• _YOUR TASK_: Take the listing below and print exactly the lines starting at the line containing "Round earrings made" and ending at the line containing "Hans Eduard von", both ends included, and no others.

··· INPUT MATERIAL ···

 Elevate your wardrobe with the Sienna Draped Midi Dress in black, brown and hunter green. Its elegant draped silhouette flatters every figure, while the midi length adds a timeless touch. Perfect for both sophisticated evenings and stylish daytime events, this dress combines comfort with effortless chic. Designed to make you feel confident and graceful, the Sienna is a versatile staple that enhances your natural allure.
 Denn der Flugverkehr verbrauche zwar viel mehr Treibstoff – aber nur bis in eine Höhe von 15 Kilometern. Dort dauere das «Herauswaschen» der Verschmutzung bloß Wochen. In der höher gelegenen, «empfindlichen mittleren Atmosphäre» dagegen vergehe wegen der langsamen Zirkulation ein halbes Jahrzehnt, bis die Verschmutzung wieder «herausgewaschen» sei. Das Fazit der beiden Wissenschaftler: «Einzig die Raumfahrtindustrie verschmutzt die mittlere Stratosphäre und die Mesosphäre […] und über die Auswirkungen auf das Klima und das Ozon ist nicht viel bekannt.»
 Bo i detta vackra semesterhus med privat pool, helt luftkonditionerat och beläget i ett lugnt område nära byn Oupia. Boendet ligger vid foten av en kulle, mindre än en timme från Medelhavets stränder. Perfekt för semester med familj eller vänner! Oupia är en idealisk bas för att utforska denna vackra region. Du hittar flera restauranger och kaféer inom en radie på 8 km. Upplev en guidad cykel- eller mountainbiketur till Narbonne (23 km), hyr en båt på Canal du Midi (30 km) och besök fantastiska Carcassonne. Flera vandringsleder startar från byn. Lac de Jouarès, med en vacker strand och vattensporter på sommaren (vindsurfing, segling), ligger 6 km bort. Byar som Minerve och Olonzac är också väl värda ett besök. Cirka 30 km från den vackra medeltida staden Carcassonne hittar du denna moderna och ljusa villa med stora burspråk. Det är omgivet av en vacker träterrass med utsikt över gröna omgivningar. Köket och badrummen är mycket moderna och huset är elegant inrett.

···
··· INPUT MATERIAL ···

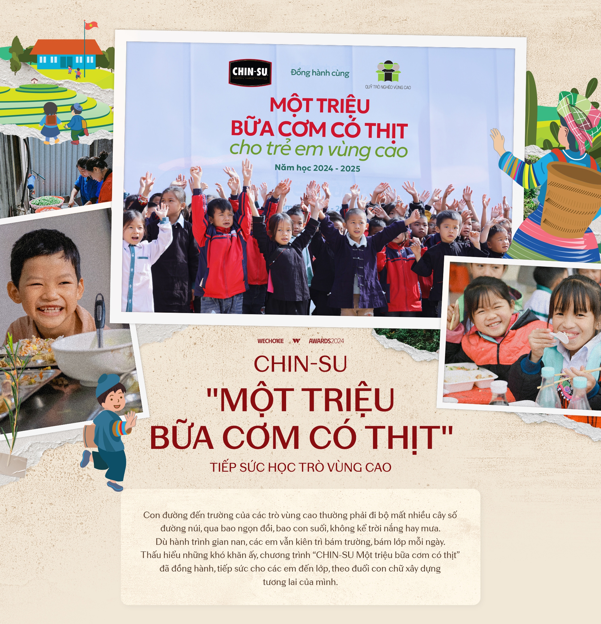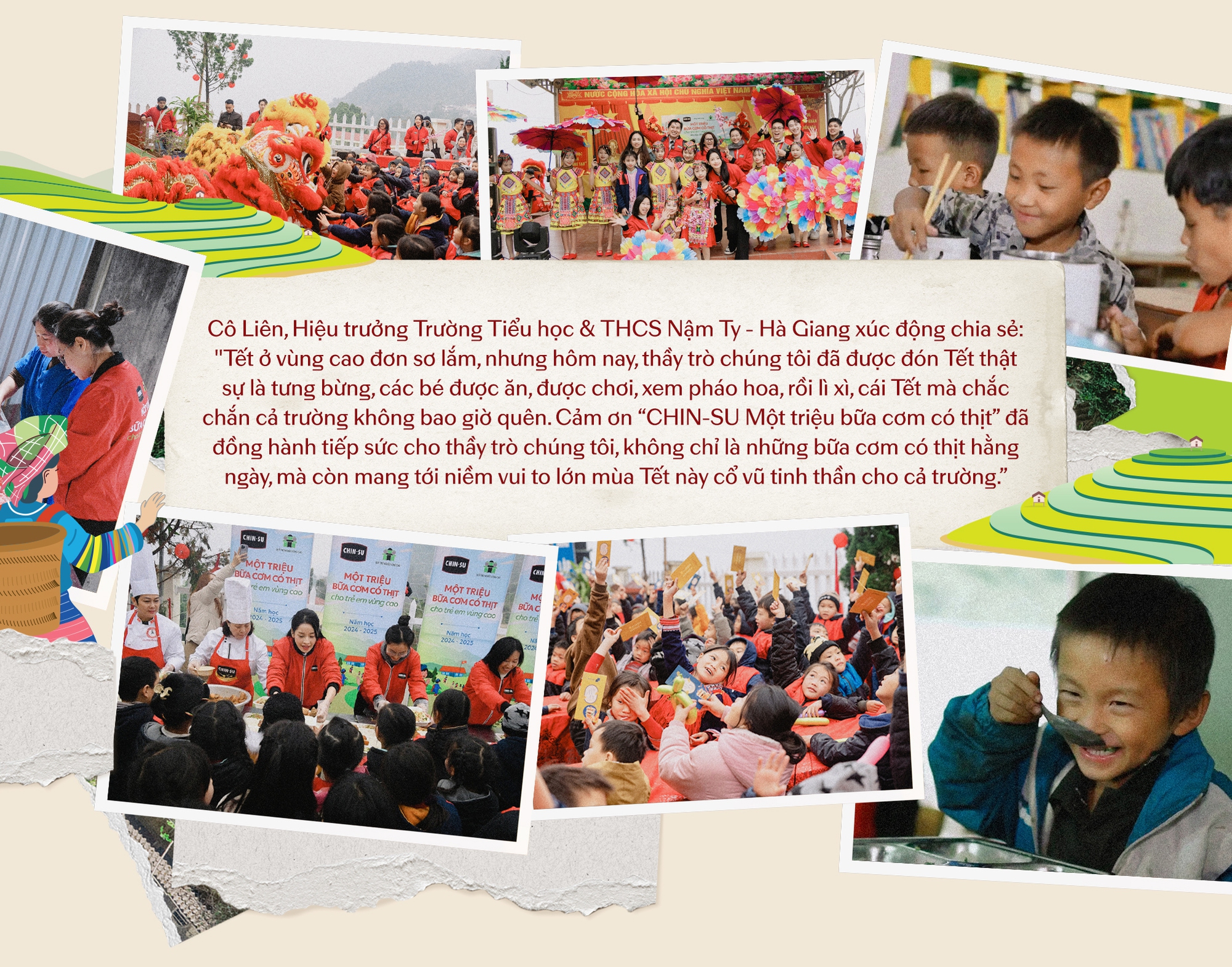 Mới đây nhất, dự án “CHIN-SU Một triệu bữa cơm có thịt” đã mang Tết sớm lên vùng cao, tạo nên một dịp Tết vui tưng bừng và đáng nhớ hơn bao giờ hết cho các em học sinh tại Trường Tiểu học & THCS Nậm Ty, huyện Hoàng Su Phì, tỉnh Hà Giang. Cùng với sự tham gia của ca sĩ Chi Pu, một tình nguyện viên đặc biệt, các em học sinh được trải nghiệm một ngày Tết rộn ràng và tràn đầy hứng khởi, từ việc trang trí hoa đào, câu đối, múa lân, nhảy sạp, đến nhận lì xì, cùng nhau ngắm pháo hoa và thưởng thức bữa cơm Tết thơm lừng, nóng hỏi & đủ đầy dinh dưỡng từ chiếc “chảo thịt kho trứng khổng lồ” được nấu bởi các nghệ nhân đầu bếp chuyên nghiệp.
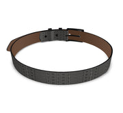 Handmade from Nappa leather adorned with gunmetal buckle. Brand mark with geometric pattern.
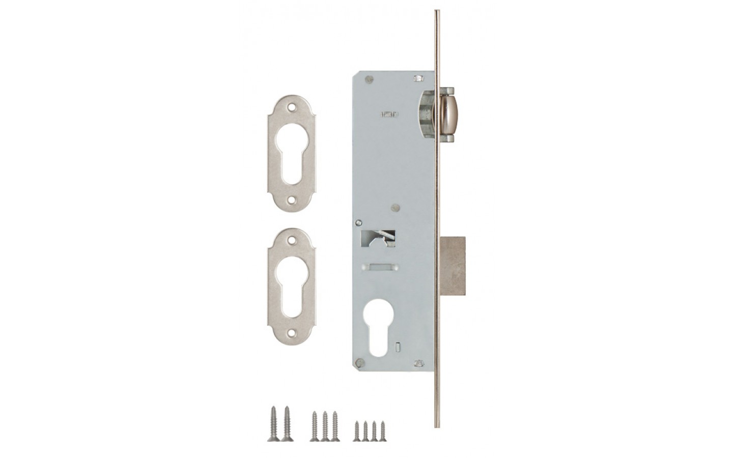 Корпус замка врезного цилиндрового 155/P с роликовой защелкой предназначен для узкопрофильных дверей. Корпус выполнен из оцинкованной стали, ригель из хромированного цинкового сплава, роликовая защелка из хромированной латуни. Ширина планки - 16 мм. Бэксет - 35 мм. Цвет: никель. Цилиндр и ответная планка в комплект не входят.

···
··· INPUT MATERIAL ···

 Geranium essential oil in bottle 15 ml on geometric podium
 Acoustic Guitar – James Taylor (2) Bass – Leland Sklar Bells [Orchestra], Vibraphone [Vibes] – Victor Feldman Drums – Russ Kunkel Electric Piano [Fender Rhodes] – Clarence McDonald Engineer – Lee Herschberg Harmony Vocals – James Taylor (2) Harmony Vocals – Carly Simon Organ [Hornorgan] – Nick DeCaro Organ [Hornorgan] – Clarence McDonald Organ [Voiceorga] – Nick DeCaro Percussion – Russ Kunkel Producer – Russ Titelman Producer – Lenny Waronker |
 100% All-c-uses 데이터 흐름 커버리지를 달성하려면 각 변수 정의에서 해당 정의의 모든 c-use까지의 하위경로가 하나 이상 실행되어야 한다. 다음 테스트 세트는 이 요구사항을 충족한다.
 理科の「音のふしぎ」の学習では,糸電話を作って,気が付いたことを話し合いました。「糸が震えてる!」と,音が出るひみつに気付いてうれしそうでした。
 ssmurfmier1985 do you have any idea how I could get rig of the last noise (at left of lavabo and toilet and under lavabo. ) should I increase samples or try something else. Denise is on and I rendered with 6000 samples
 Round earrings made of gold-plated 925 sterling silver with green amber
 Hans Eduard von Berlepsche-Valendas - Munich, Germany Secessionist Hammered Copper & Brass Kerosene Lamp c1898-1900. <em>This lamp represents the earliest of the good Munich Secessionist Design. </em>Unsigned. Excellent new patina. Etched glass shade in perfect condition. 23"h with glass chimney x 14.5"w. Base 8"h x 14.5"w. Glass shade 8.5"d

···

• _OUTPUT BELOW_:
 Round earrings made of gold-plated 925 sterling silver with green amber
 Hans Eduard von Berlepsche-Valendas - Munich, Germany Secessionist Hammered Copper & Brass Kerosene Lamp c1898-1900. <em>This lamp represents the earliest of the good Munich Secessionist Design. </em>Unsigned. Excellent new patina. Etched glass shade in perfect condition. 23"h with glass chimney x 14.5"w. Base 8"h x 14.5"w. Glass shade 8.5"d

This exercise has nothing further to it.